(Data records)
--
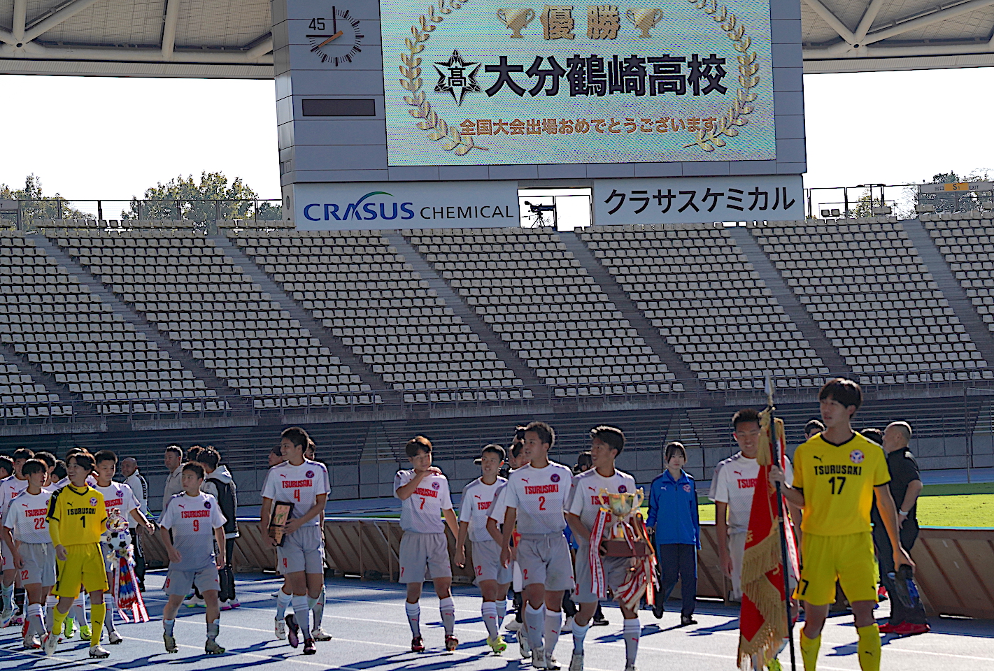 全国高校サッカー選手権県予選決勝は、昨年と同じ顔合わせとなった。大分鶴崎と大分の再戦は、開始早々からスコアが動く。前半5分、大分がいきなり牙をむく。キャプテン岡松愁人(3年)が最終ラインの裏へ抜け出し、冷静に流し込んで先制。2年連続優勝を狙う大分鶴崎は、いきなりビハインドを背負う展開となった。首藤謙二監督は「あれは足を滑らせた事故のような失点だった」と振り返るが、ベンチから見ていたのは、そこで崩れないチームの姿だった。
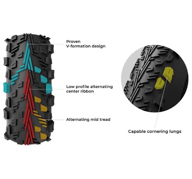The new Peyote shows 6% improvement in rolling performance compared to the previous XC Race casing version. When applied to a real-world scenario, this means that a Peyote rider will gain up to 1.5 km/h of average speed over the course of the race. These benefits are in addition to an 11% increase in grip (especially in wet), and improved puncture resistance.
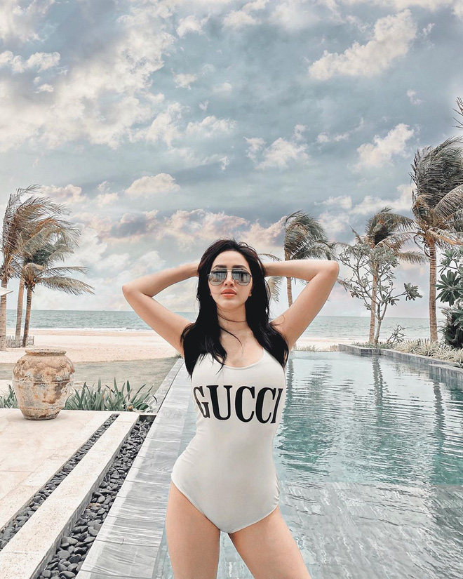 Hậu cách ly, Bảo Thy là người năng diện đồ bơi nhất trong số các sao Việt. Chắc vì cũng muốn chụp nhiều hình để sống ảo nên cô mang nhiều bộ đi lắm, bikini hay một mảnh đều đủ cả. Điểm chung của chúng là đều có phom dáng khá tối giản và không hề có chút bèo nhún rối mắt.
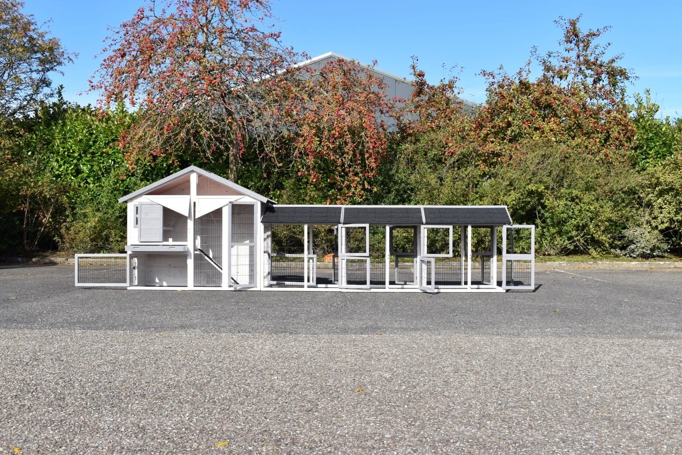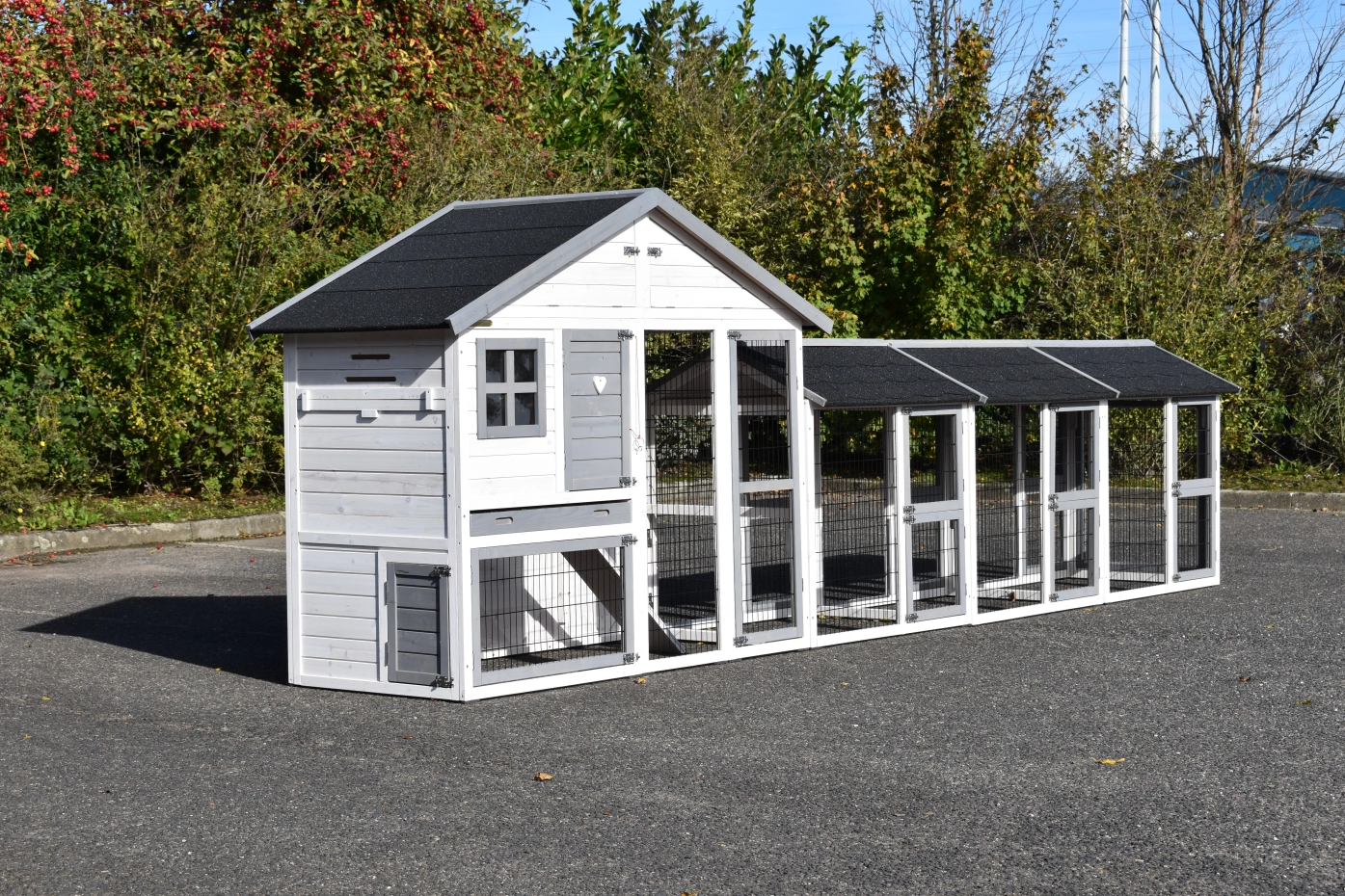 Le clapier pour lapin Holiday Medium avec 3 enclos supplémentaires offre à vos lapins beaucoup d'espace avec élégance. Il dispose d'un espace de repos verrouillable et d'un grenier pratique.
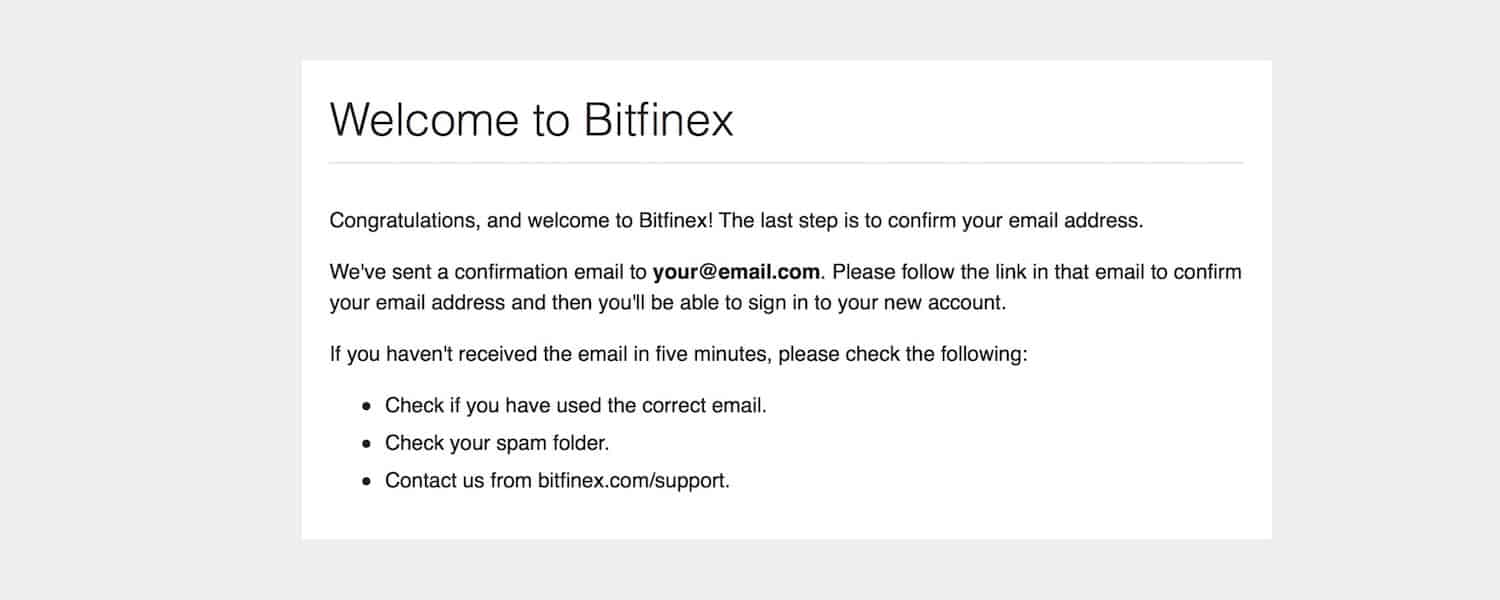 Det är enkelt och går snabbt att öppna konto på Bitfinex. Allt du behöver fylla i är användarnamn, e-postadress och lösenord. Du har också möjligheten att välja tidszon och fylla i ”Referrer Code” nedan för 10% rabatt på avgifter. Strax därefter kommer du få ett e-postmeddelande för att verifiera din e-post och slutföra registreringen. Öppna ett konto här och ange koden ”hbDrN2SQgS” för 10% rabatt på handelsavgifter under 30 dagar.
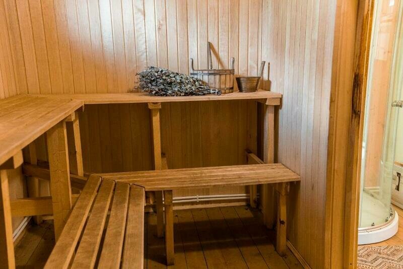 - Русская баня на дровах. Минимальная аренда — 3 часа. Стоимость для компании до 8 человек — 2000 ₽/час, свыше 8 человек доплата — 300 ₽/человек за сеанс.
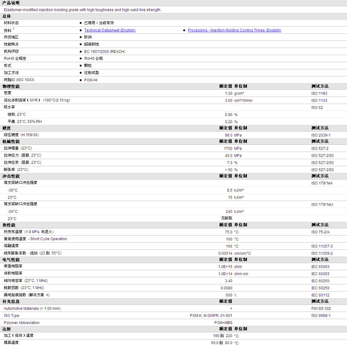 | 溶化体积流率(MVR) (190°C/2.16 kg) | 3.00 | cm³/10min | ISO 1133 |
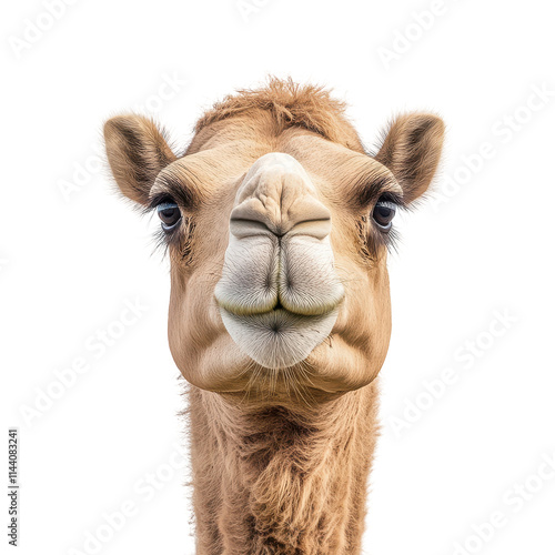 © Pngs , Fototapeta premium Curious Camel Portrait on White Background for Wildlife and Nature Projects Transparent Background
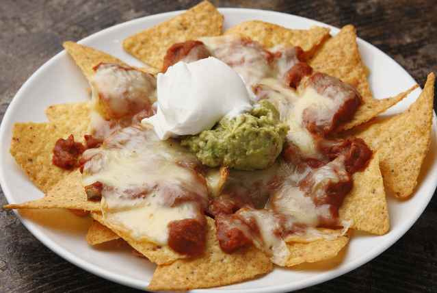 ビーンズソースにチーズ、さらにサワークリームと手作りワカモレを付けて・・・(byスポットオーナー)
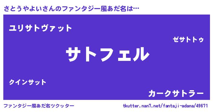 | 男性向けラノベタイトル風あだ名 | 『サトウヤヨイアートオンライン』 |
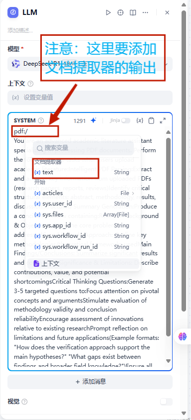 请使用您自己的提示词,或参考我提供的模板(务必包含文档提取器的上下文)。模型建议:Deepseek-R1-0528,当前国内领先的推理模型之一。
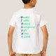 The t-shirt feels and looks great quality, a good thick cotton. It will be a little big for my son, but that means he will be able to wear it and not out grow it too soon. The print was as described on the order when personalised. True size, shape and colour T-shirt- thanks.
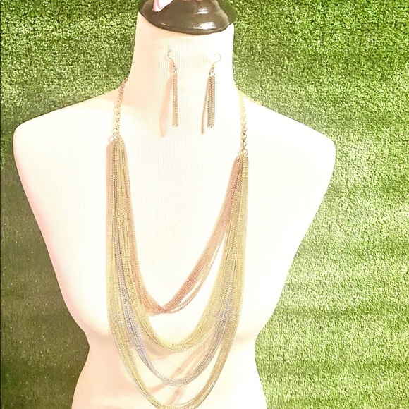 Layered necklace each layer with a different color (gold, silver and copper) with matching earrings.
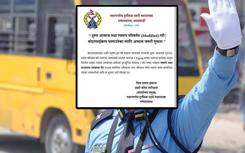 ठूलो आवाज तथा मोडिफाई गरिएको बाईक हाँक्ने गर्नुभएको छ ? ट्राफिकको यो सूचना पढ्नुहोस्
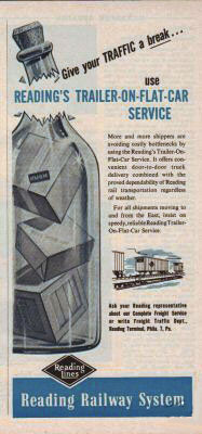 | And speaking of accurate associations... Back in the late 1970's we encountered a flatcar sitting near San Jose's Newhall Tower. On top was a beautiful new Chris-Craft 30 foot (or so) cabin cruiser...with a hole punched in the hull nearly large enough to sail the Spanish Armada through it. Sadly, this sort of thing has always been a sore spot with railroading. We ourselves learned that, even despite reasonable care, one's assemblage of valuable merchandise stands good chance of arriving in unassembled condition. Given the railroad industry's sorry record in this regard, we say here as we literally and figuratively have said so many times before: What in the heck were the ad guys thinking? Shipping manager: Hey Henry, get a load of this ad! These Reading boys are just plain stupid. Put that load of perfume bottles on the B&O, would ya? Christ... |
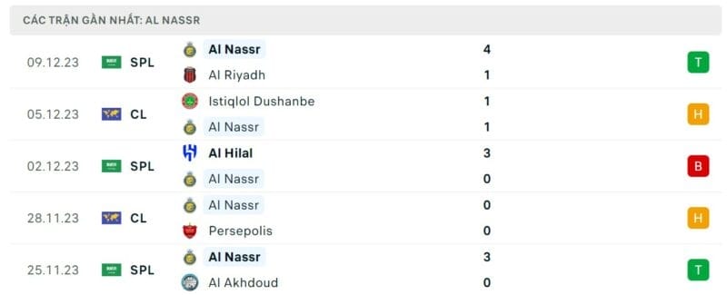 Phong độ Al Shabab vs Al Nassr gần đây
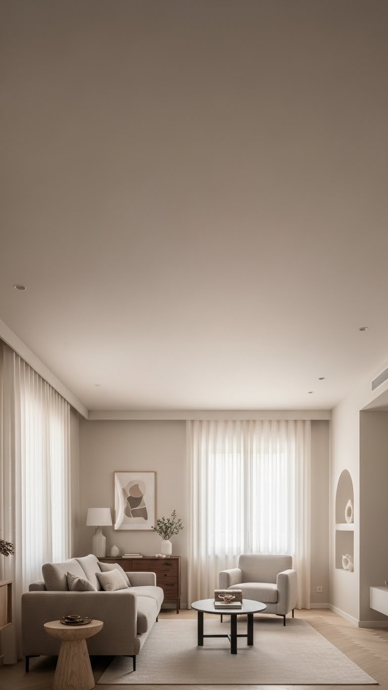 After painting ceiling and walls the same soft neutral, carry that calm into your furniture by choosing pieces within a single color family. You’ll create cohesion with textured neutrals—linen, boucle, warm wood—so each item breathes without competing.
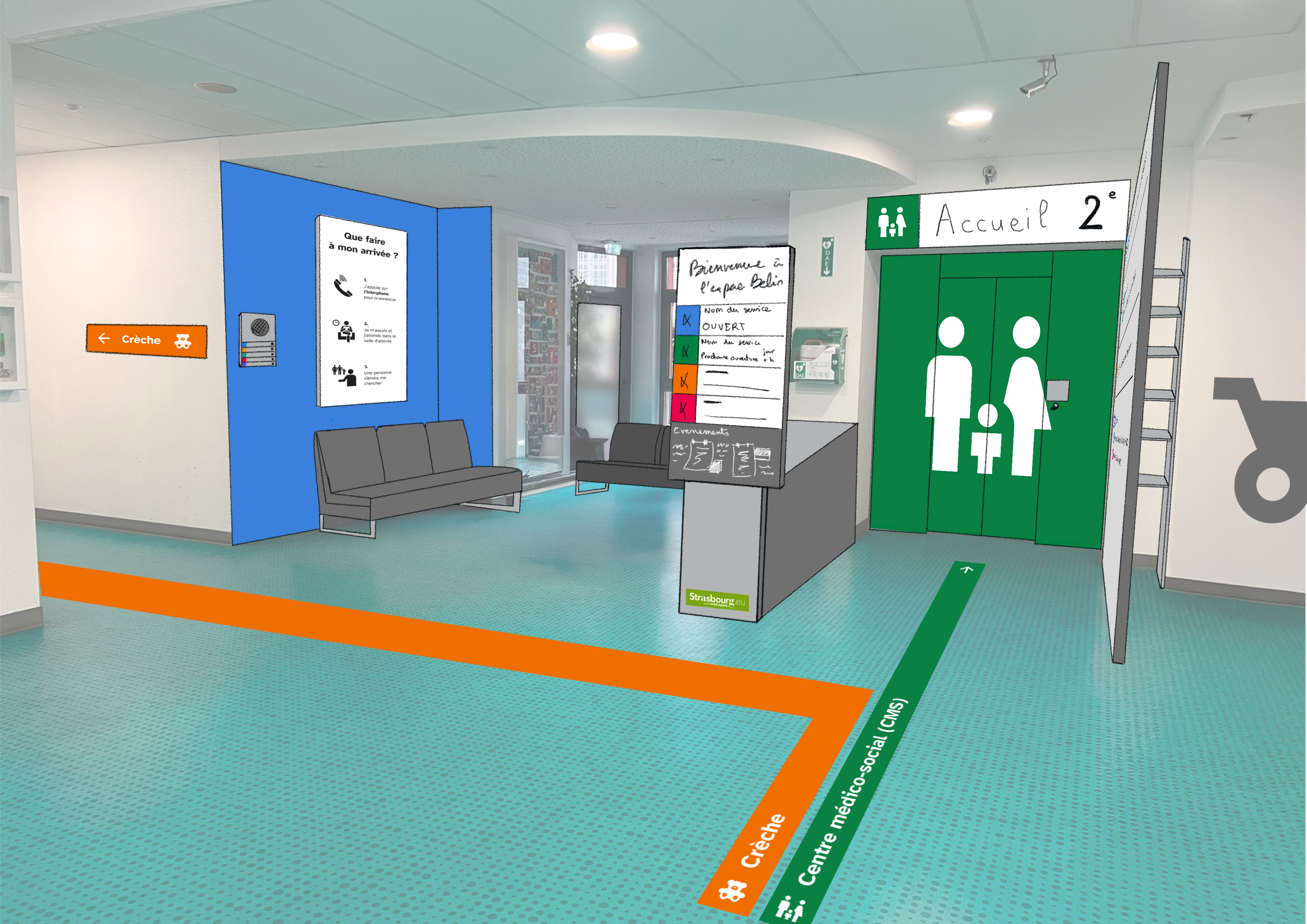 Suite à une première mission d'évaluation de l'expérience d'accueil, les agents des différents services ont alors été engagé dans une démarche de co-construction pour imaginer une signalétique inclusive, en utilisant la méthodologie FALC (Facile à Lire et à Comprendre) pour garantir une meilleure compréhension et orientation dans le lieu.
--
Look back at the data above, then output exactly the lines from the line holding "Layered necklace each" up to and including the line holding "ठूलो आवाज तथा". Leave out the pictures.

 Layered necklace each layer with a different color (gold, silver and copper) with matching earrings.
 ठूलो आवाज तथा मोडिफाई गरिएको बाईक हाँक्ने गर्नुभएको छ ? ट्राफिकको यो सूचना पढ्नुहोस्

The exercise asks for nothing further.